TASK TO CARRY OUT
What you write should be an exact repeat of the lines from the one with "Easily modify text" through the final line below, minus the pictures.

AVAILABLE RECORDS
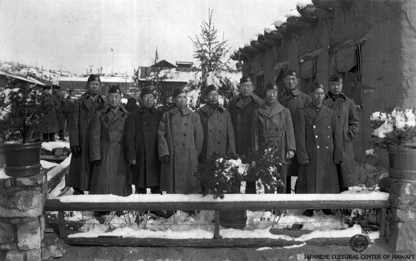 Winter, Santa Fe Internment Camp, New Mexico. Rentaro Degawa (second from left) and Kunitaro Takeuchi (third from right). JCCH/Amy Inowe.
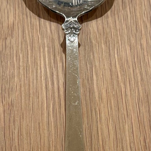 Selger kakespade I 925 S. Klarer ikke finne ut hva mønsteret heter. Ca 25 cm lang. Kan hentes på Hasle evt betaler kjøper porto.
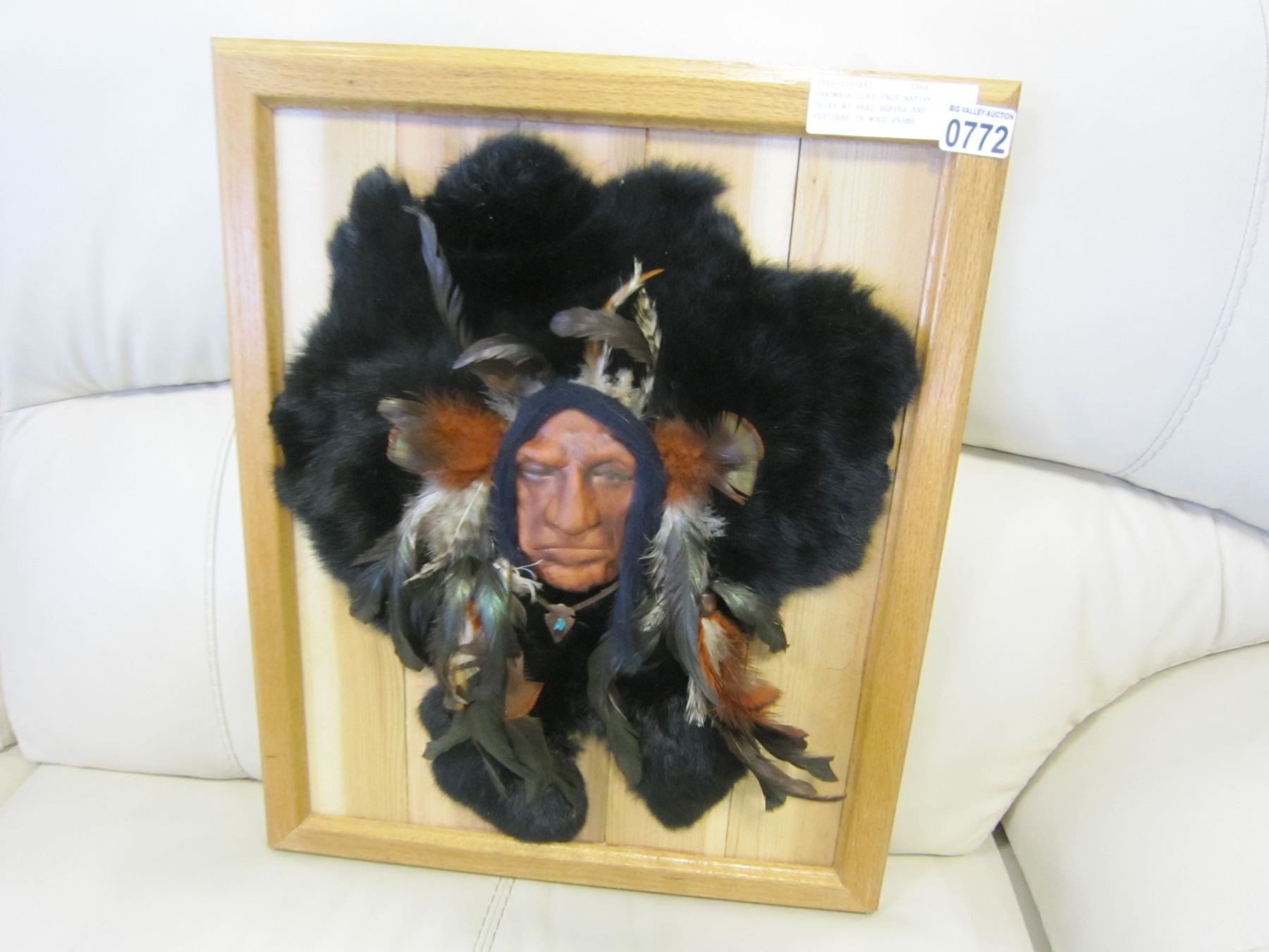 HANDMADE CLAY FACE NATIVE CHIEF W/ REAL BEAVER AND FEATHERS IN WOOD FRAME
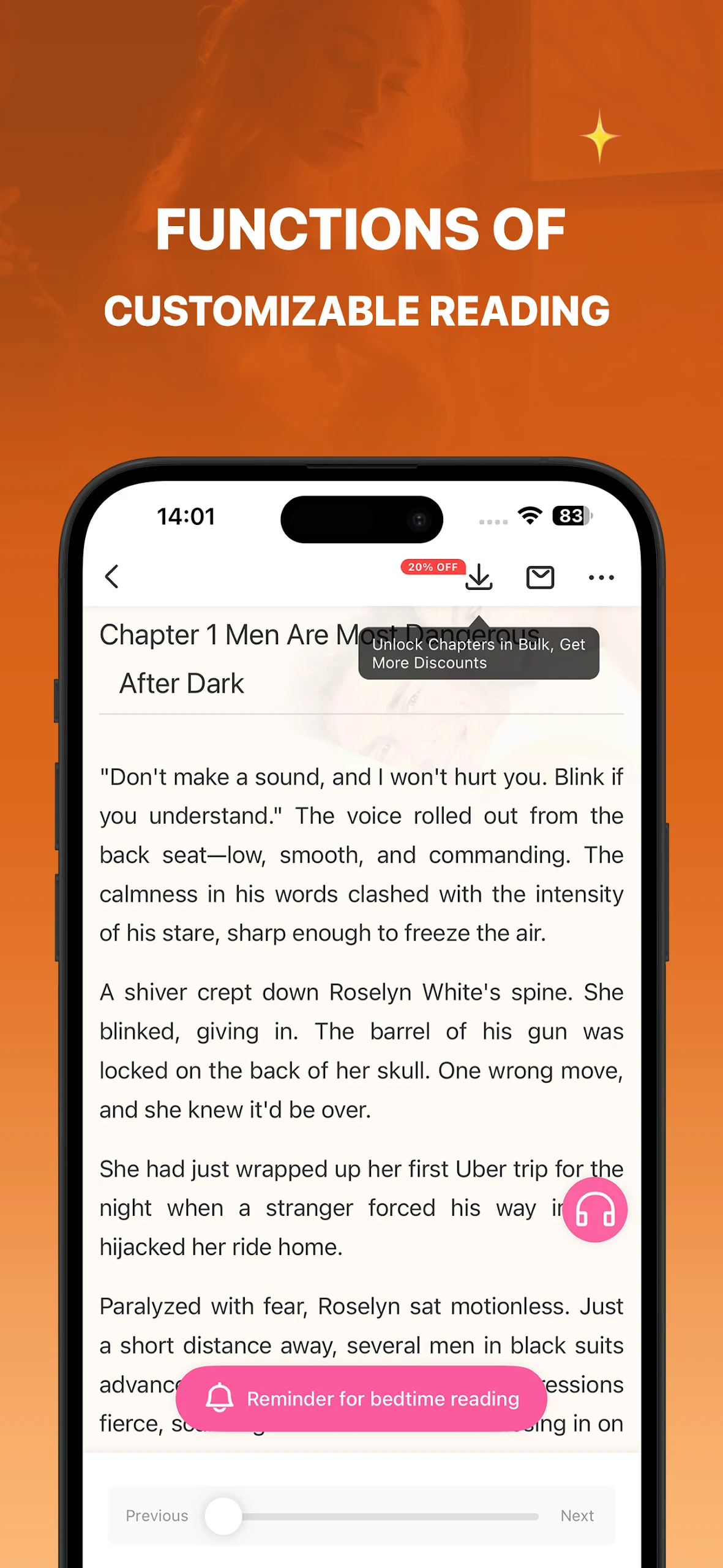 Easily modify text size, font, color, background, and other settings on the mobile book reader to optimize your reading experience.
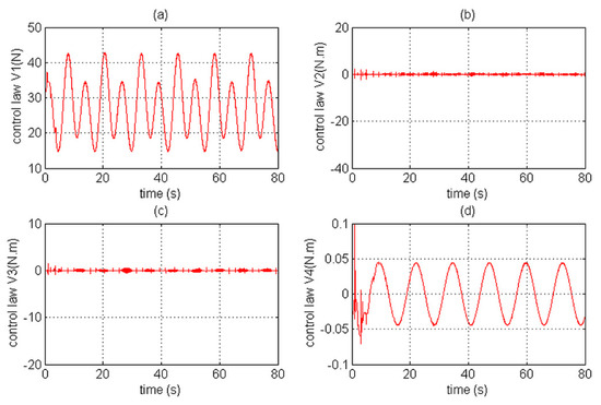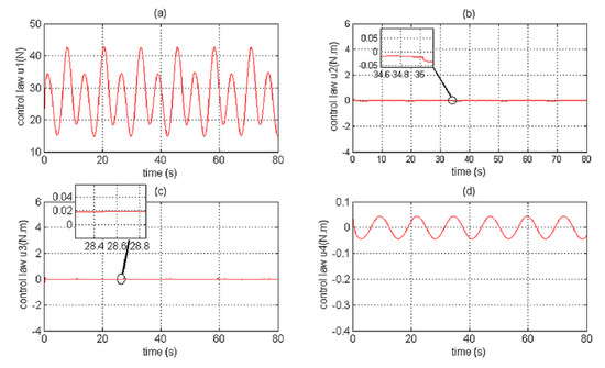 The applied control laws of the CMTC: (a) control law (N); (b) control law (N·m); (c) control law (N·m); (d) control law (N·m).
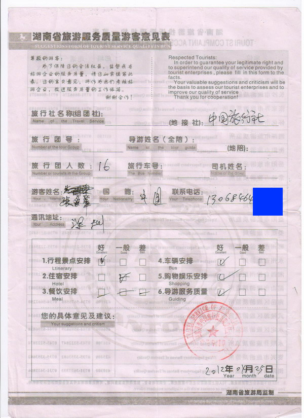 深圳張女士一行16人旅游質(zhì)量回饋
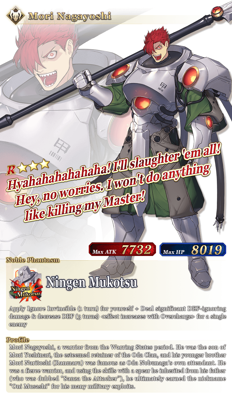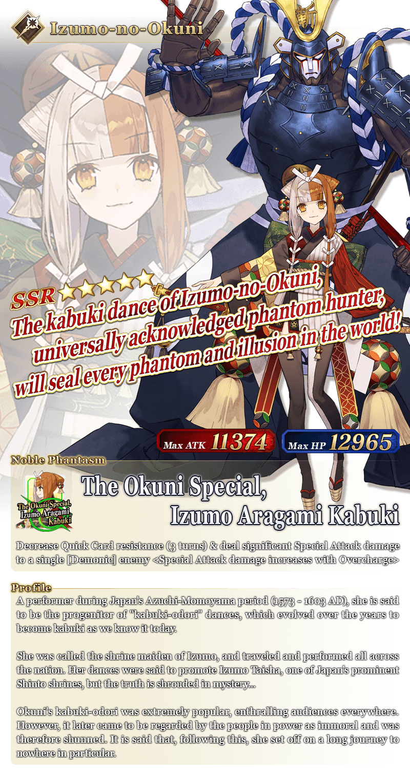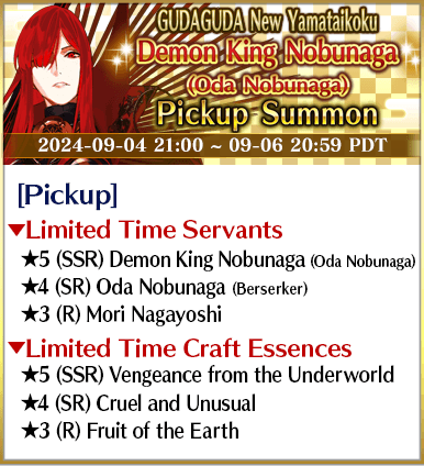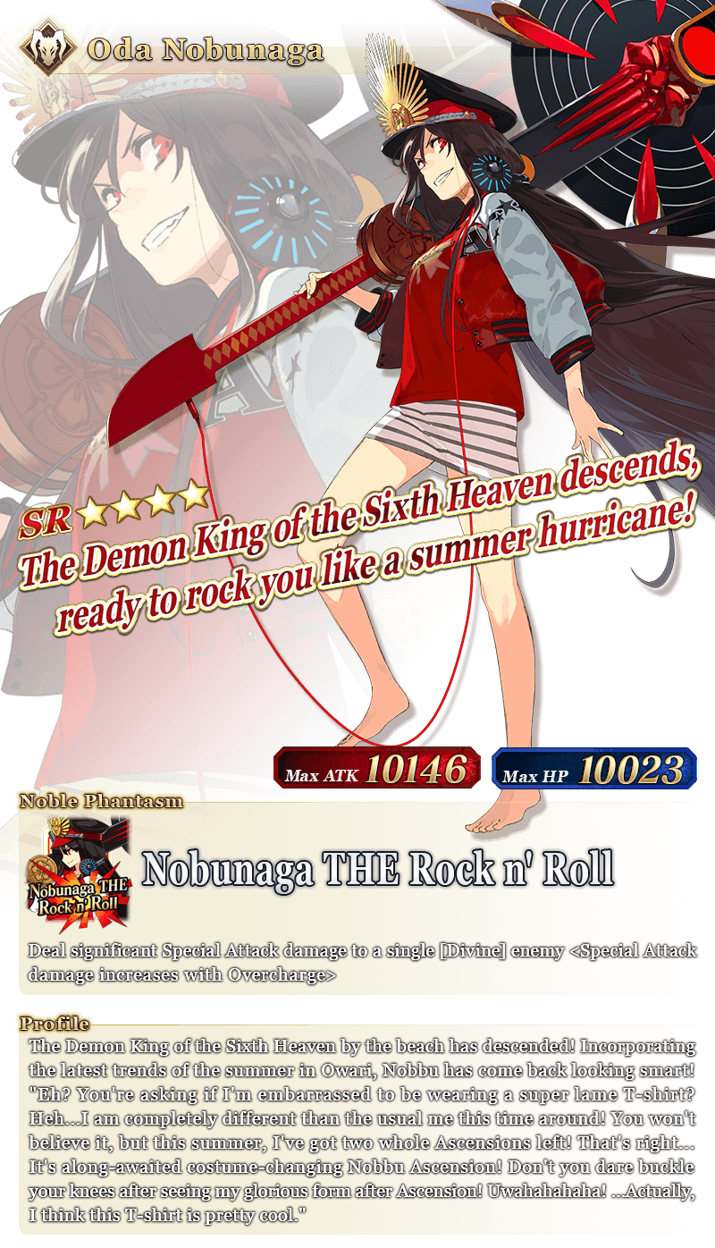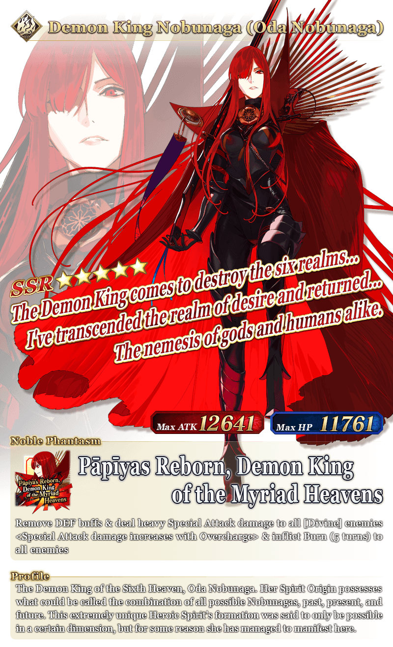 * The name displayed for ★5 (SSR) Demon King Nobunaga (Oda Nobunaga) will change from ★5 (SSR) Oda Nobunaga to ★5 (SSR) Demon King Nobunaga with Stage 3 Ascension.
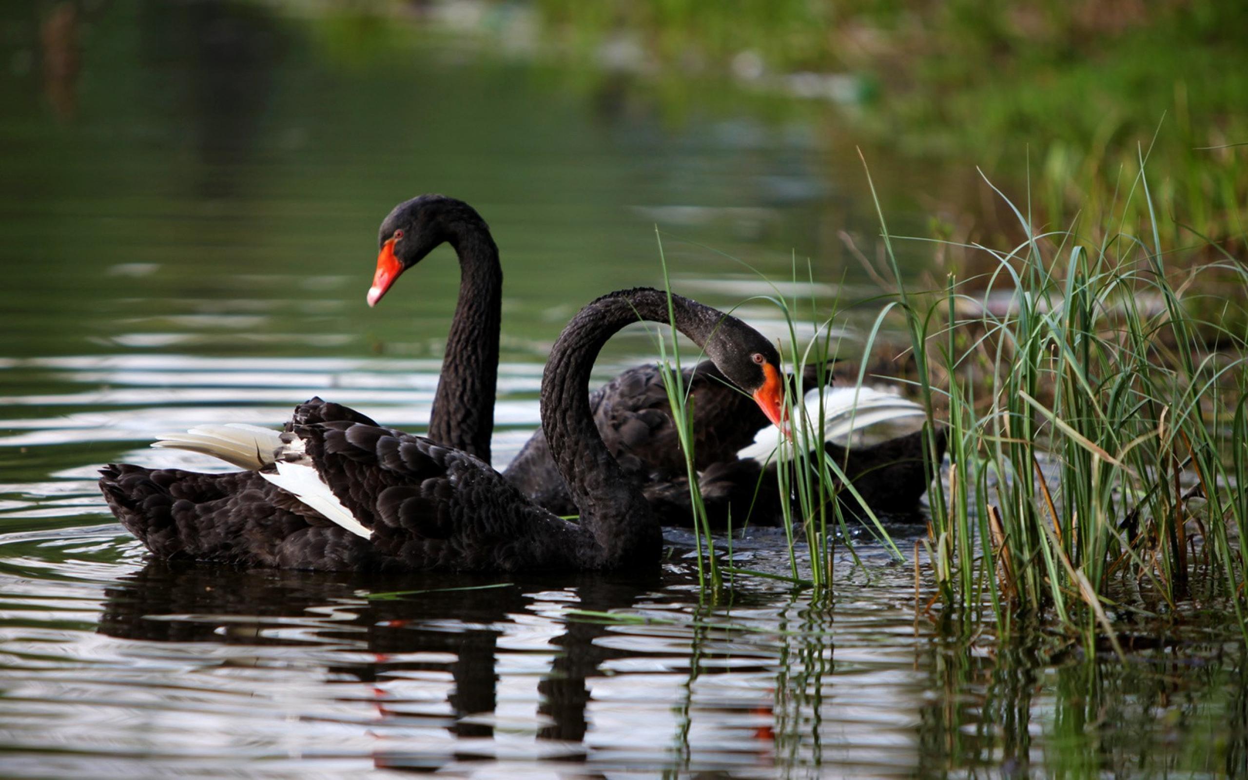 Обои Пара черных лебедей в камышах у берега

WRITTEN SOLUTION
 Easily modify text size, font, color, background, and other settings on the mobile book reader to optimize your reading experience.
 The applied control laws of the CMTC: (a) control law (N); (b) control law (N·m); (c) control law (N·m); (d) control law (N·m).
 深圳張女士一行16人旅游質(zhì)量回饋
 * The name displayed for ★5 (SSR) Demon King Nobunaga (Oda Nobunaga) will change from ★5 (SSR) Oda Nobunaga to ★5 (SSR) Demon King Nobunaga with Stage 3 Ascension.
 Обои Пара черных лебедей в камышах у берега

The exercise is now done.